How to fix MySql Replication Error 1236

How to fix MySql Replication Error 1236

How to fix MySql Replication Error 1236
We have some websites that use two database servers in master-master replication. Recently one of the servers died and had to be resurrected. (They are cloud based and SoftLayer doesn’t seem to have their cloud-based offering thing nailed down, yet. Every week one of them will go down and be unresponsive until tech support does some magic.)

After one of the servers was brought back up the other server would not connect. It “Slave_IO_Running: No” and “Seconds_Behind_Master: null” which means it was not playing nicely.

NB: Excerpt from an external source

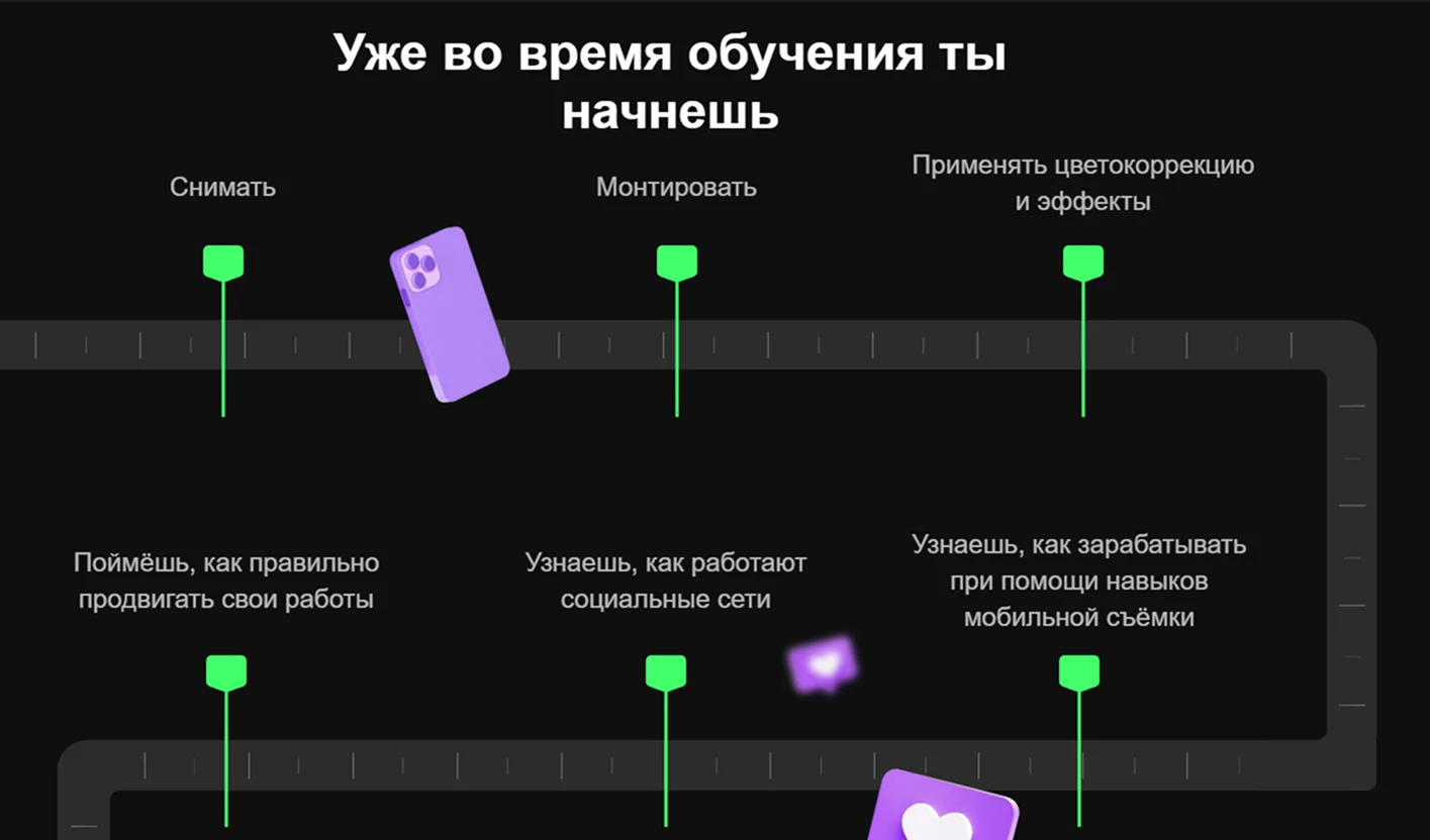 За 9 недель обучения вы разберетесь, как снимать, монтировать и продвигать видео для современных платформ — TikTok, YouTube Shorts и Instagram* Reels. Курс охватывает полный цикл работы с контентом: от идеи и съемки до публикации и получения охватов.

First, I went to the MySql log files, which for this server is found at /var/log/mysql.log and looked at the last few messages here by running “tail /var/log/mysql.log” from the command prompt. This revealed the error number (server_errno=1236). It also had the following info:
Got fatal error 1236: ‘Client requested master to start replication from impossible position’ from master when reading data from binary log

Just before this entry in the mysql.log it indicates the file and position that it is trying to read. So, with this data in hand, I headed over to the master server and took a look at the bin logs. They are located in /var/lib/mysql/. Here I took a look at the file in question using the mysqlbinlog utility. I used the following command to check out the bin log. Obviously, you’ll have to replace the position and file name with the position and file indicated in your mysql.log.
mysqlbinlog –offset=128694 mysql-bin.000013

And, this is what I saw here, among other things:
Warning: this binlog was not closed properly. Most probably mysqld crashed writing it.

Well, that explains things! When the server crashed the bin log was not closed properly. This is easy to fix. Going back to the slave server, I stopped the slave, reset the bin log position and started the server.
?
1
2
3
4
STOP SLAVE;
CHANGE MASTER TO MASTER_LOG_POS = 0;
CHANGE MASTER TO MASTER_LOG_FILE = ‘mysql-bin.000014’;
START SLAVE;

I simply pointed the slave to the start of the next bin log. It started right up with no problem.